Information given

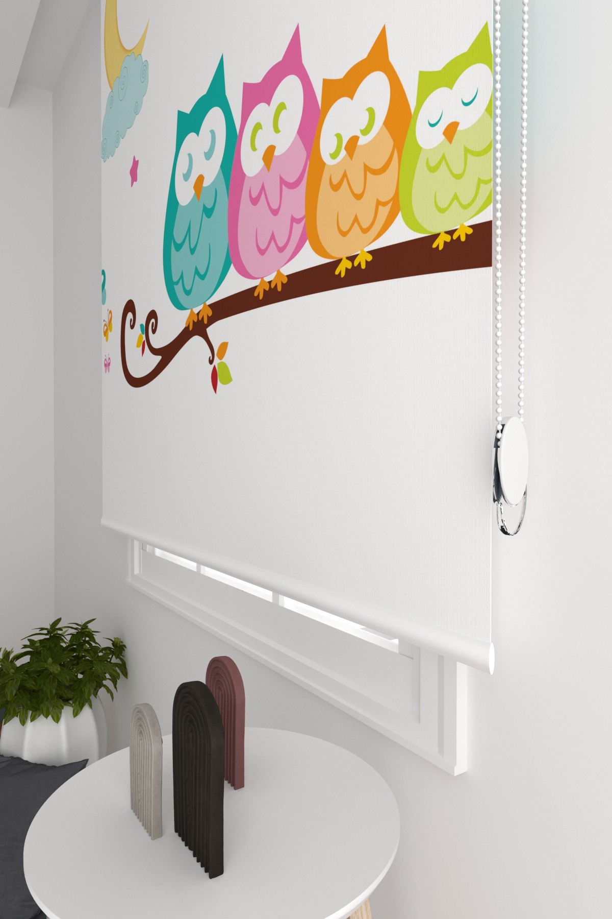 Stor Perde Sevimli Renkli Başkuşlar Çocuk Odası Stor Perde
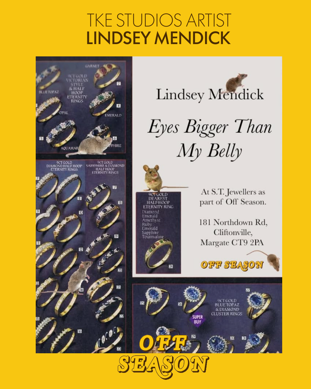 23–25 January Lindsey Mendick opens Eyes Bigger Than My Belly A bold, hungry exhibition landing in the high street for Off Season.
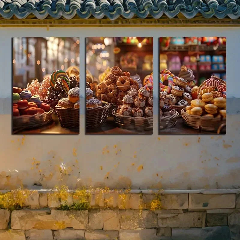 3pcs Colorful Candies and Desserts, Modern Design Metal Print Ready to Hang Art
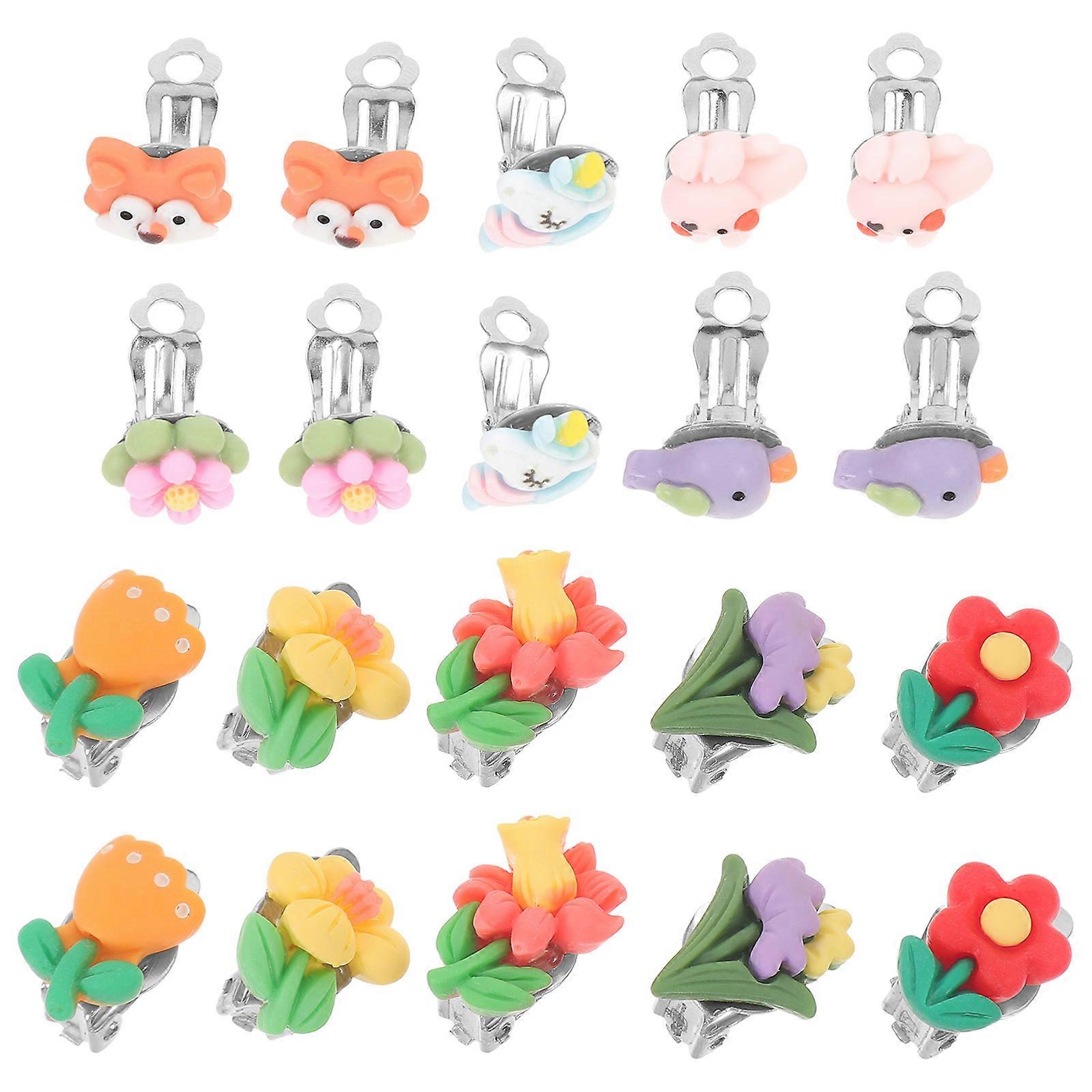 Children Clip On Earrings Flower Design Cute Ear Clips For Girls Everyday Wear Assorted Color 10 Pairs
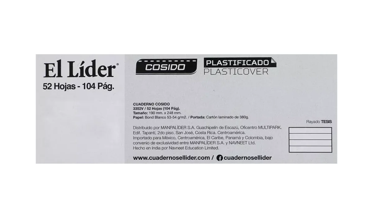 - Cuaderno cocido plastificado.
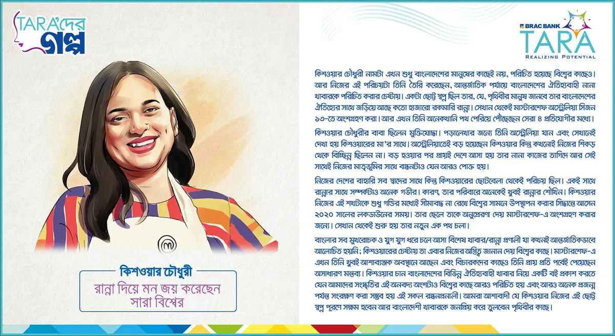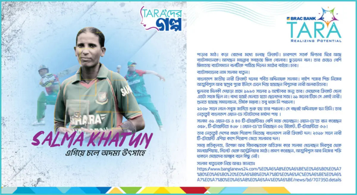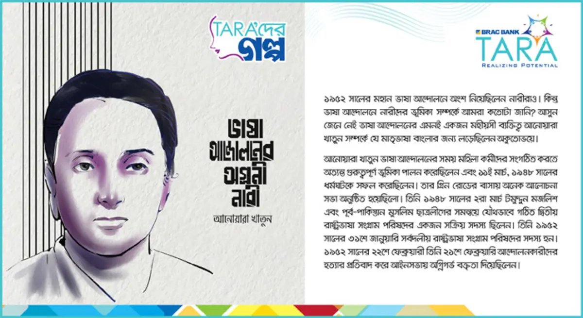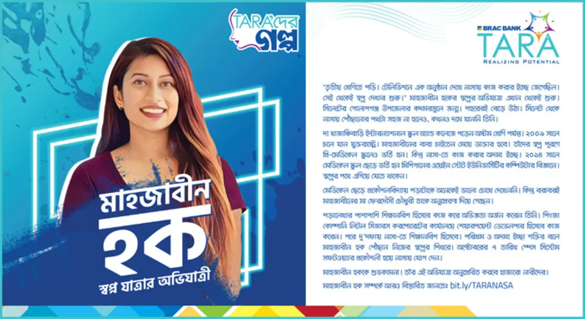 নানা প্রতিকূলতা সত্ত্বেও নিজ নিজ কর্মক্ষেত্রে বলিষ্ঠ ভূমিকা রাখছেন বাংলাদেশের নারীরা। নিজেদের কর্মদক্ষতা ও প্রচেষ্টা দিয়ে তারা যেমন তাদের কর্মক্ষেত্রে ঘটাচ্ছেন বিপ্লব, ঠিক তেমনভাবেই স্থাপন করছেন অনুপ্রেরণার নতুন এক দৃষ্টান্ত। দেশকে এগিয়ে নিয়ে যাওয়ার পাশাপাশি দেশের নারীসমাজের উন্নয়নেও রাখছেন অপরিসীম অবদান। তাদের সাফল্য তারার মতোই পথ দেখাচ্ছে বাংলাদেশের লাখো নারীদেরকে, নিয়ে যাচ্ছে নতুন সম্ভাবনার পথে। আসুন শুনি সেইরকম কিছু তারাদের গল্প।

--

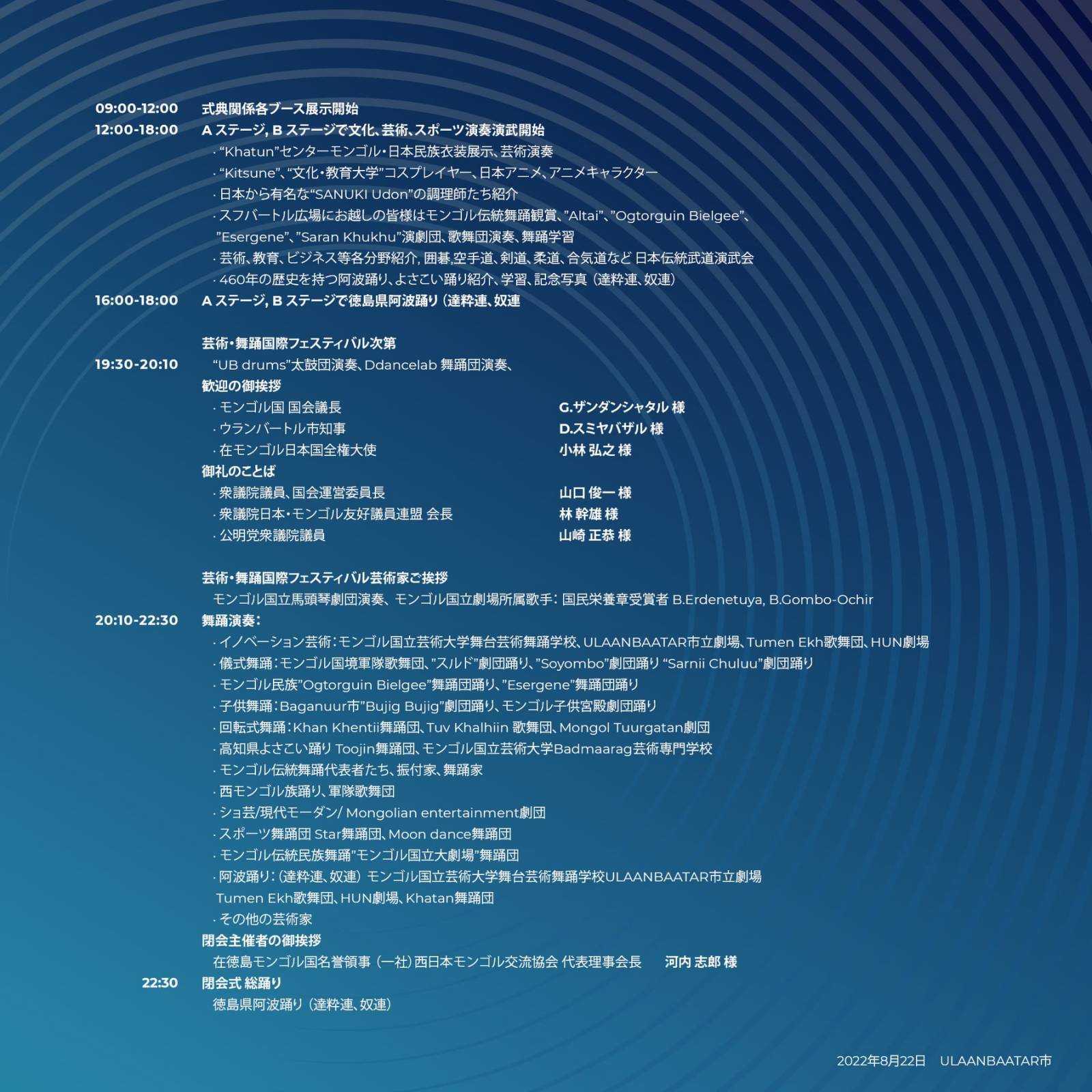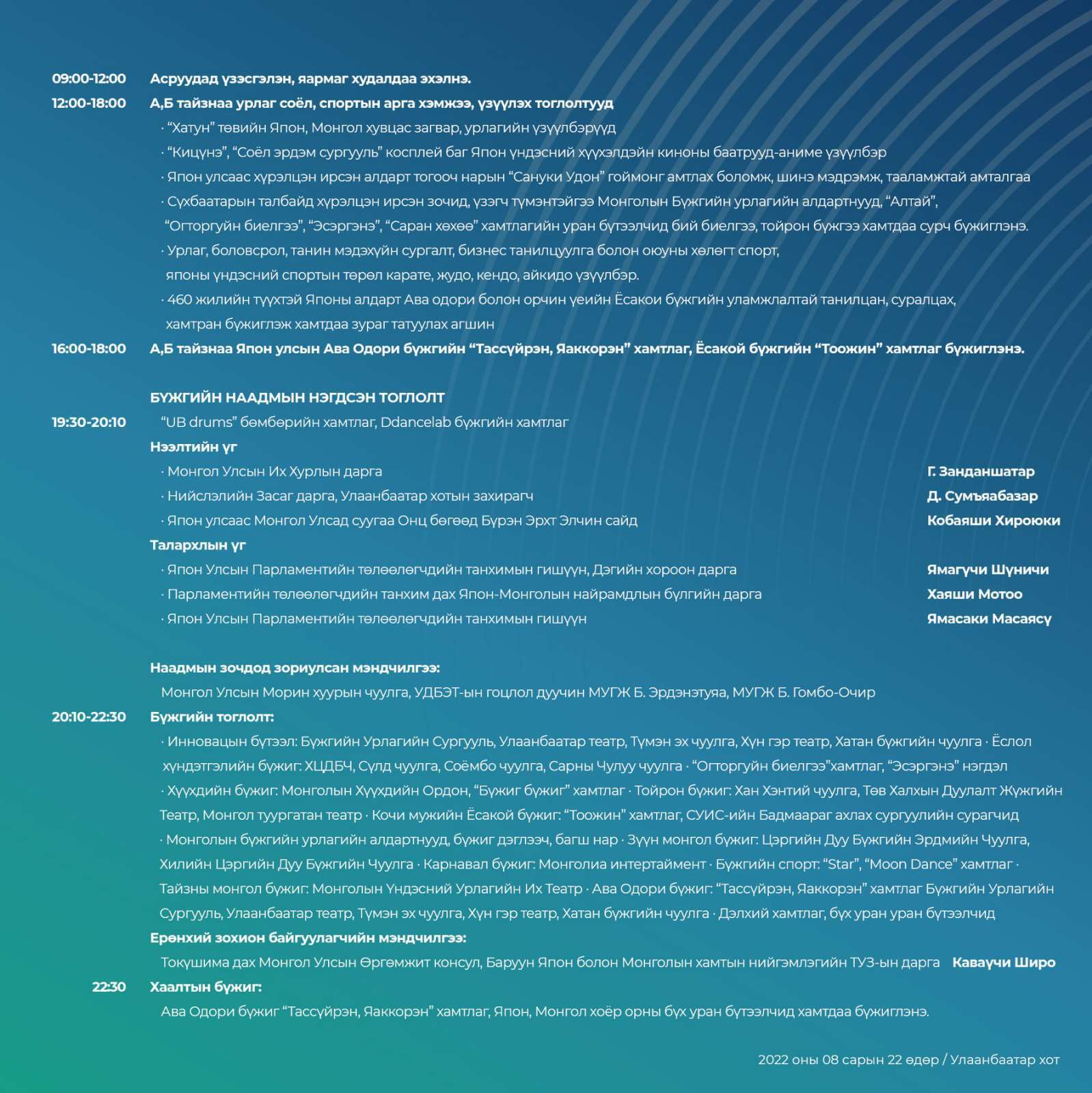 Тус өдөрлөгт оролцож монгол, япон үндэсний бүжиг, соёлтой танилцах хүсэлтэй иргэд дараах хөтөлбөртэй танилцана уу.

* * *

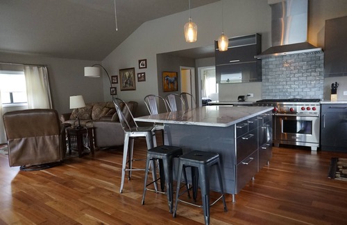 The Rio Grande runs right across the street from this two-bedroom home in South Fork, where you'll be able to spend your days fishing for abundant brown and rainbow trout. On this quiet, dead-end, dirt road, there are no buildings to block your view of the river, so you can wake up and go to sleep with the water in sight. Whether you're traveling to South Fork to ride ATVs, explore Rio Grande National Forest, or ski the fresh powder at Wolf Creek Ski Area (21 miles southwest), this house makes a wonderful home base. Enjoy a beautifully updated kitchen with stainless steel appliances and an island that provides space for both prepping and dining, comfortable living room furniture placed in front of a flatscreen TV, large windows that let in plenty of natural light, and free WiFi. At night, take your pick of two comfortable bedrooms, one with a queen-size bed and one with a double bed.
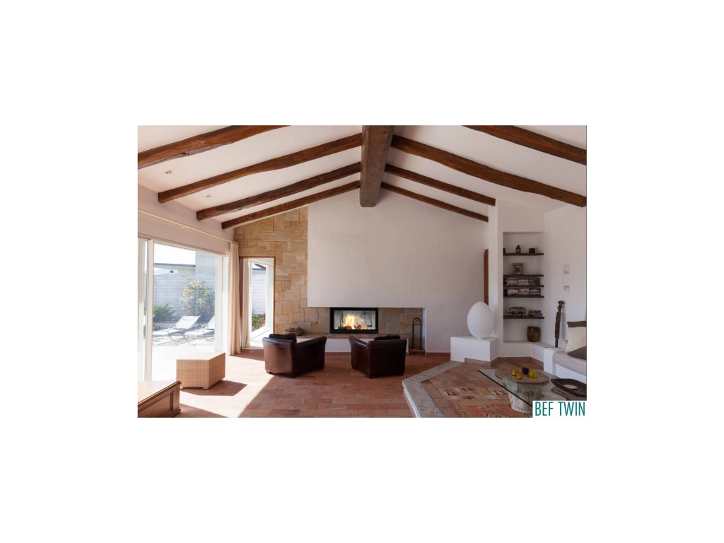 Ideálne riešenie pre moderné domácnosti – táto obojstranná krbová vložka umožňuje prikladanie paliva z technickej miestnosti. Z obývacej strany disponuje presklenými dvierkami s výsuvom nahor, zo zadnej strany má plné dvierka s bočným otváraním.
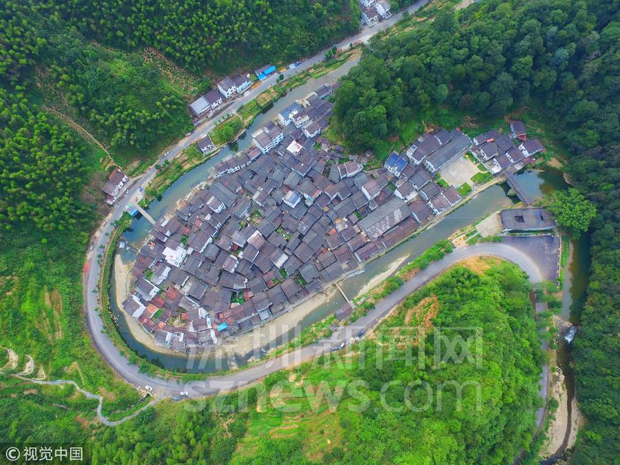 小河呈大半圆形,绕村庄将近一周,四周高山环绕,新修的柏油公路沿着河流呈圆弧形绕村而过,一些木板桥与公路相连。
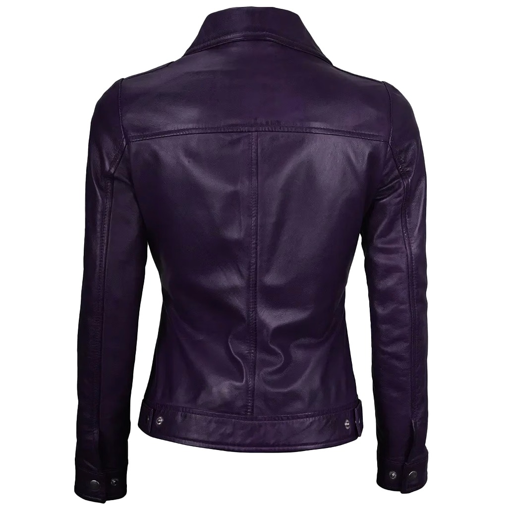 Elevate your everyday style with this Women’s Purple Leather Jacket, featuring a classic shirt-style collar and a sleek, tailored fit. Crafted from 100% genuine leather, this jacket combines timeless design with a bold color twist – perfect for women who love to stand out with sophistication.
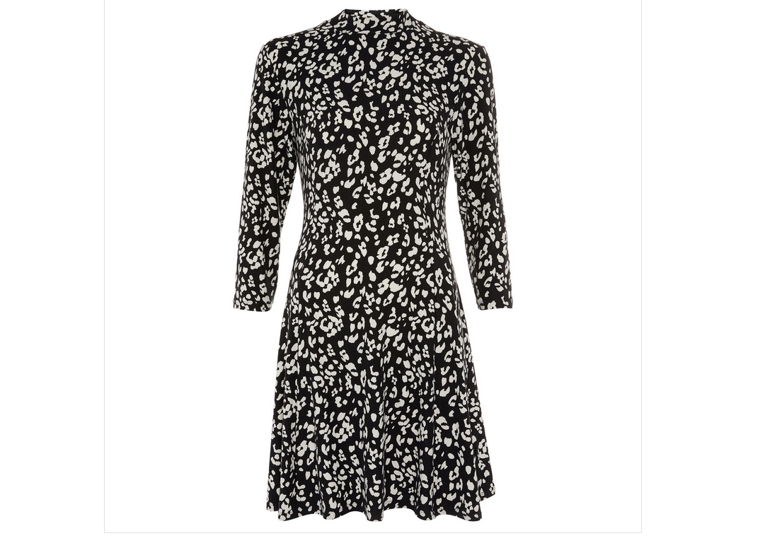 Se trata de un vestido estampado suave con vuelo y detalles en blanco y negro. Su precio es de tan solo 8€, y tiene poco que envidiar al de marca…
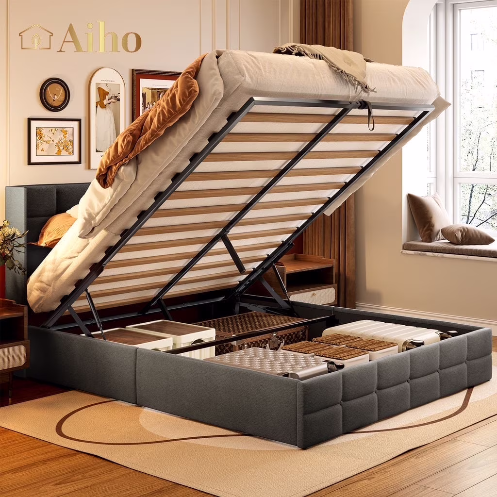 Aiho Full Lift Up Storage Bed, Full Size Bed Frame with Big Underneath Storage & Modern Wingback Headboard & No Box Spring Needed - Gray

Work instructions
Exact copy, no pictures. Write out the lines in the entries above, starting with the line with "Stor Perde Sevimli" and going on through the line with "নানা প্রতিকূলতা সত্ত্বেও", keeping both.

Task answer
 Stor Perde Sevimli Renkli Başkuşlar Çocuk Odası Stor Perde
 23–25 January Lindsey Mendick opens Eyes Bigger Than My Belly A bold, hungry exhibition landing in the high street for Off Season.
 3pcs Colorful Candies and Desserts, Modern Design Metal Print Ready to Hang Art
 Children Clip On Earrings Flower Design Cute Ear Clips For Girls Everyday Wear Assorted Color 10 Pairs
 - Cuaderno cocido plastificado.
 নানা প্রতিকূলতা সত্ত্বেও নিজ নিজ কর্মক্ষেত্রে বলিষ্ঠ ভূমিকা রাখছেন বাংলাদেশের নারীরা। নিজেদের কর্মদক্ষতা ও প্রচেষ্টা দিয়ে তারা যেমন তাদের কর্মক্ষেত্রে ঘটাচ্ছেন বিপ্লব, ঠিক তেমনভাবেই স্থাপন করছেন অনুপ্রেরণার নতুন এক দৃষ্টান্ত। দেশকে এগিয়ে নিয়ে যাওয়ার পাশাপাশি দেশের নারীসমাজের উন্নয়নেও রাখছেন অপরিসীম অবদান। তাদের সাফল্য তারার মতোই পথ দেখাচ্ছে বাংলাদেশের লাখো নারীদেরকে, নিয়ে যাচ্ছে নতুন সম্ভাবনার পথে। আসুন শুনি সেইরকম কিছু তারাদের গল্প।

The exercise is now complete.